- Release art by Boris Vallejo
- Directed by: Howard R. Cohen
- Written by: Howard R. Cohen
- Produced by: Howard R. Cohen Roger Corman Steven Rabiner
- Starring: Rick Hill Maria Ford Brett Baxter Clark Michelle Moffett Anya Pencheva
- Cinematography: Emil Vagenshtain
- Edited by: Nancy Senoff Nadia Tsenova
- Music by: Simo Lazarov
- Production company: New Concorde
- Distributed by: New Horizons Home Video
- Release date: January 20, 1992 (U.S.);
- Running time: 85 minutes
- Countries: United States Bulgaria
- Language: English

= Deathstalker IV: Match of Titans =

1991 film by Howard R. Cohen

Deathstalker IV: Match of Titans, is a 1991 American-Bulgarian sword and sorcery fantasy film written and directed by Howard R. Cohen and starring Rick Hill, Maria Ford and Brett Baxter Clark. A sequel to Deathstalker and the Warriors from Hell (1988) and it is the fourth installment in the Deathstalker film series. Hill, the first actor to portray the character, returns to the franchise, and in turn the film goes back to a more serious tone after two comedic installments. The U.S. box cover uses the slightly different title of Deathstalker IV: Match of the Titans.

==Plot==
Deathstalker takes part in a contest of strength—a challenge to lure competitors into the main arena of Queen Kana's castle. Mysteriously, combatants disappear from the castle one by one. Deathstalker acts to defend his fellow warriors, his life and his newfound love against an army of Stone Warriors and the Queen.

==Production==
===Development===
Deathstalker IV was the first American co-production shot in Bulgaria following the fall of the Communist regime. The film was commissioned by Roger Corman's Concorde Pictures, and production services were provided by Balkan Film Enterprise, a British corporation recently established to lure foreign producers to the country, with a 45 percent participation from the Bulgarian government. Several sources indicate that BFE was part of controversial medial mogul Robert Maxwell's empire. It was originally announced that filming would start on June 25, 1990, as part of a two-picture slate bookended by Barbarian Queen III, but the latter did not happen.

===Filming===
Photography took place between June 14 and August 17, 1990. Boyana Feature Film Studios in Sofia provided soundstages, while location filming took place in the Belogradchik Rocks area in the Northwest of the country. The exterior of Queen Kana's castle was represented by Baba Vida Fortress in Vidin. The film re-used some props from Khan Asparuh, a 1981 historical epic directed by local co-producer Ludmil Staikov. Bulgarian star Anya Pencheva was excited to be part of the milestone production, which remains a positive memory. Wanting to impress the American crew, she hurt her back in the mud and was nursed back to health by her co-star Đoko Rosić Several other action scenes were recycled from previous installments, a common practice of producer Roger Corman.

==Release==
===Theatrical===
Deathstalker IV: Match of Titans received theatrical exposure in some international markets such as Japan, where it premiered ahead of the U.S. on July 13, 1991, through Nippon Herald Films.

===Home media===
The film was released on U.S. VHS by New Horizons Home Video on January 29, 1992. In the U.K., the film's rental tape debuted on September 24, 1991, while the retail version only arrived one year later. Some sources show a Bulgarian VHS of the film credited to distributor Video ADI, although it sports a bootleg cover design lifted from the British version.
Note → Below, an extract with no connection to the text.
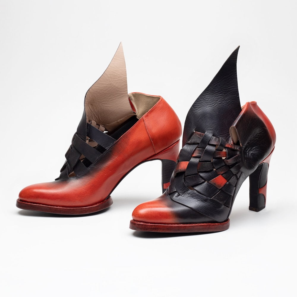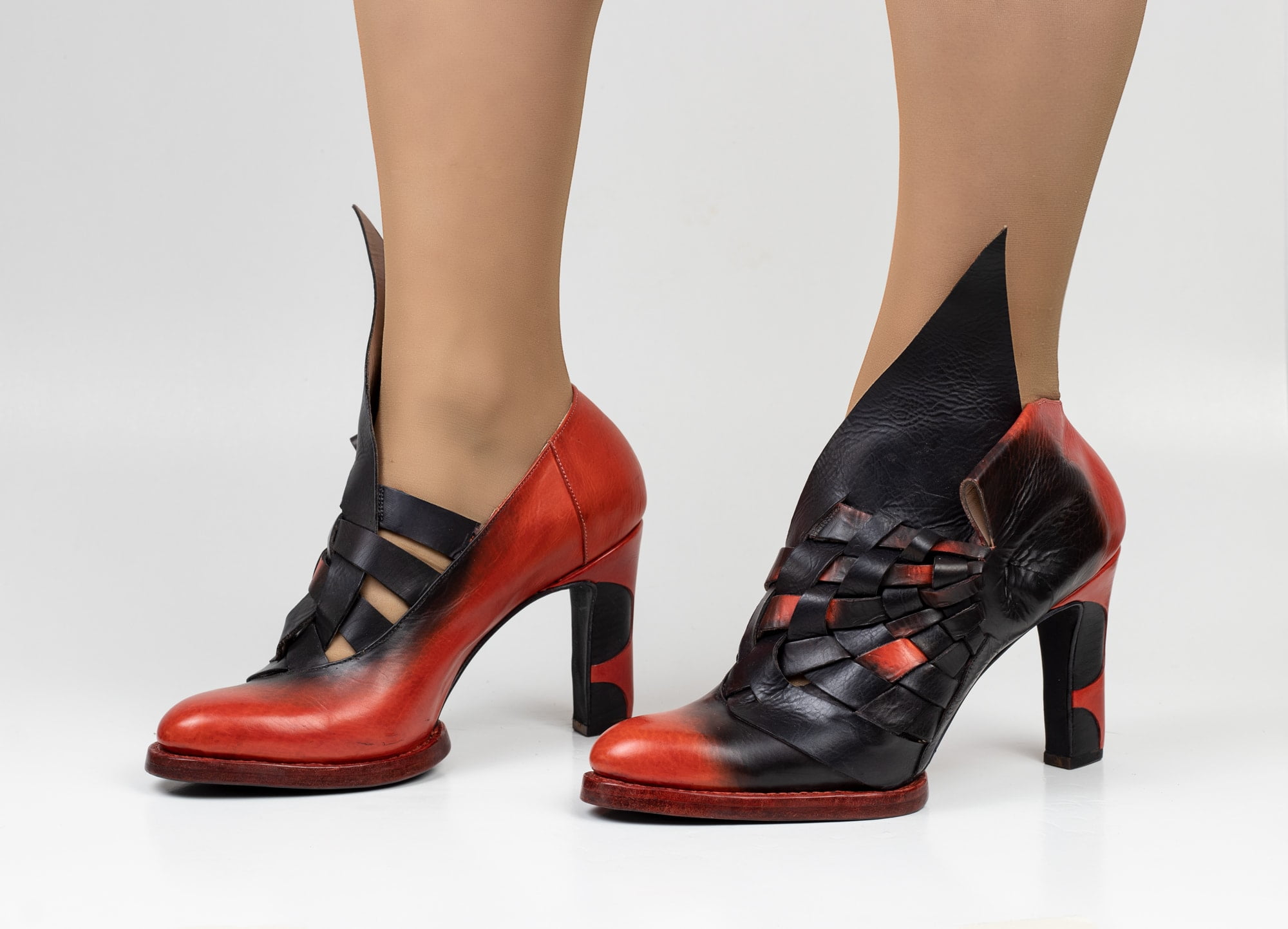 The dragon-inspired footwear was designed by Sveta Kletina to uplift women and serve as a reminder of their own strength and potential. The dragons on these shoes aren't supposed to be menacing creatures, but rather representations of resilience and inner power. The elaborate patterns and dramatic colors are meant to attract the viewer's attention and arouse confidence.

The movie was re-issued on U.S. DVD by New Concorde on August 27, 2002.

==Reception==
===Critical response===
Deathstalker IV: Match of Titans has received mostly negative reviews. Sister publications TV Guide and The Motion Picture Guide dubbed it "a 90-pound weakling among gladiator films", which plays out like "a series of 'You started it' playground fights" marred by "canned muzak reminiscent of your local shopping mall. [...] Still, its unpretentiousness, its ludicrous anachronisms and its tongue-and-cheek dialogue (however poorly delivered) give it some muscle in the action adventure arena." Mick Martin and Masha Porter's Video Movie Guide lambasted an "[u]nbelievably bad sword-and-sorcery flick" where "[a]cting is nonexistent and fight scenes are poorly staged." Similarly, Mark Kermode of Sight and Sound found that "exploitation doesn't come any duller."
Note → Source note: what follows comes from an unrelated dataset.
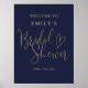 Este sencillo y elegante signo de bienvenida de ducha de novia azul marino y dorado se puede personalizar con tu nombre y fecha especial. Diseñado por Thisisnotme©

The Blockbuster Entertainment Guide to Movies and Videos assessed that it "[l]acks the charm of the previous films in this series." James O'Neill, author of the book Sci-Fi on Tape, also called it "[t]he last, thus far, and certainly least of the series, but at least it doesn't take itself too seriously." P.J. Thorndyke, author the book Barbarians at the Gates of Hollywood, disagreed and deemed it "arguably the most polished in the series". Deathstalker remake director Steven Kostanski also counts himself among the film's apologists.